ラウムと呼ばれた男の冒険者は溜め息を吐く。
夕日に照らされた彼の顔には、複雑な感情が浮かんでいた。
「話を受ける気がないならきっぱり断るべきだろう。それをあんな無理難題押し付けて……あんな丁寧に扱ってくれて、飯も奢ってもらってんのにそれはないぜ」
ラウムは地面を蹴りながら、苦言を呈した。
「ふん、ラウム。お前はあの娘がそんなにいい子に見えたのか?」
レックスの唇が皮肉めいた笑みで歪む。
「あれは鋼鉄の仮面をつけた筋金入りのお姫様だ。へりくだったあの態度も全部演技だろう。私達を利用しようとしている思惑が丸見えだ。だから、ちょっと鼻を明かしたくなってな」
レックスはそう言って足を止めることなく歩き続けた。
夕日の残り火が彼女の金髪を赤く染めている。
「だからってよ……初対面の奴に取る態度じゃないぜあれは。何がそんな気に入らなかったんだ?」
「……さあな。

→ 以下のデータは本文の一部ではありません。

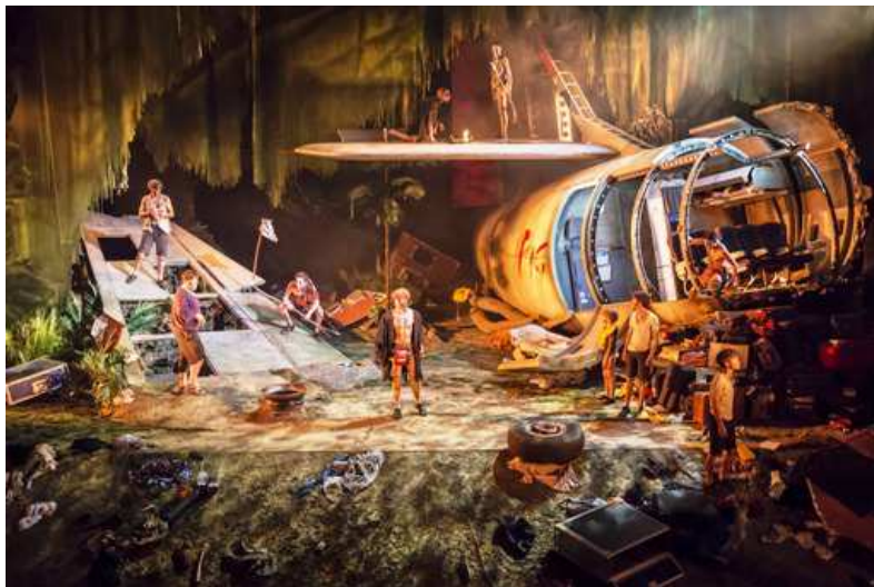
Lord of the Flies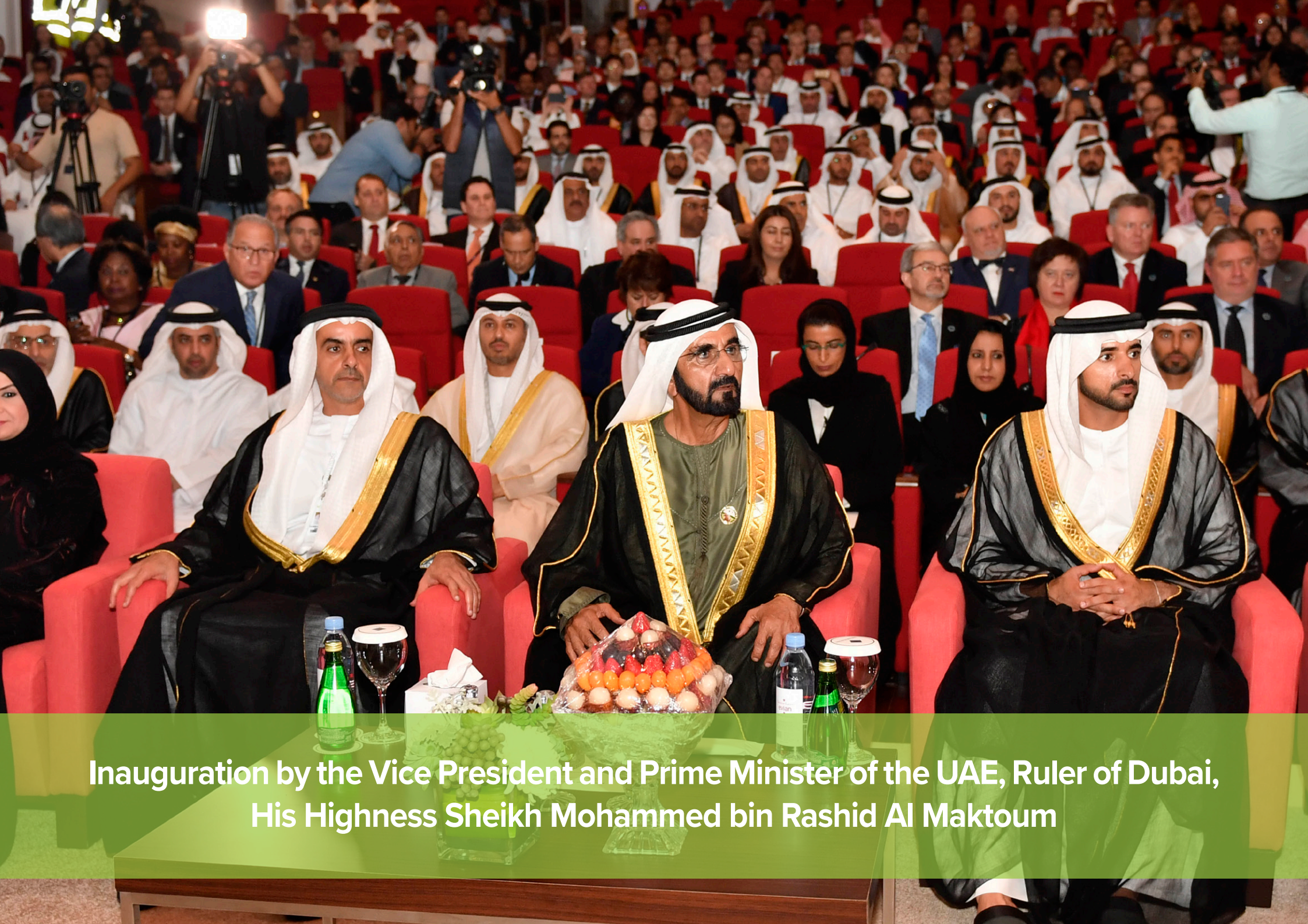
Inauguration by the Vice President and Prime Minister of the UAE, Ruler of Dubai, His Highness Sheikh Mohammed bin Rashid Al Maktoum

本能的なもんかもな」
「ひでぇ奴だ」
ラウムはそう締めくくった。
二人の姿が通りの影に溶け込もうとした時、背後から慌ただしい足音が聞こえてきた。
「レックスさん!!」
小柄な姿が勢いよく駆けてくる。
夕闇の中にもその熱意だけは鮮やかに伝わってくる。
「……またお前か」
レックスはため息をつき、立ち止まった。
駆けつけた人物は息を整えながら、勇者の前に立つ。
姿勢を正し、胸いっぱいに息を吸い込んで、その冒険者は力強く言うのだった。
「僕を勇者パーティに入れてください!!」
読んでくださりありがとうございます。
主人公がこの先どうなっていくのか、ぜひこれからも見守ってあげてください。
もしよければ↓の★★★★★を押して応援してくれると嬉しいです!
ブックマークもお願いします!
あなたの応援が、作者の更新の原動力になります!
よろしくお願いします!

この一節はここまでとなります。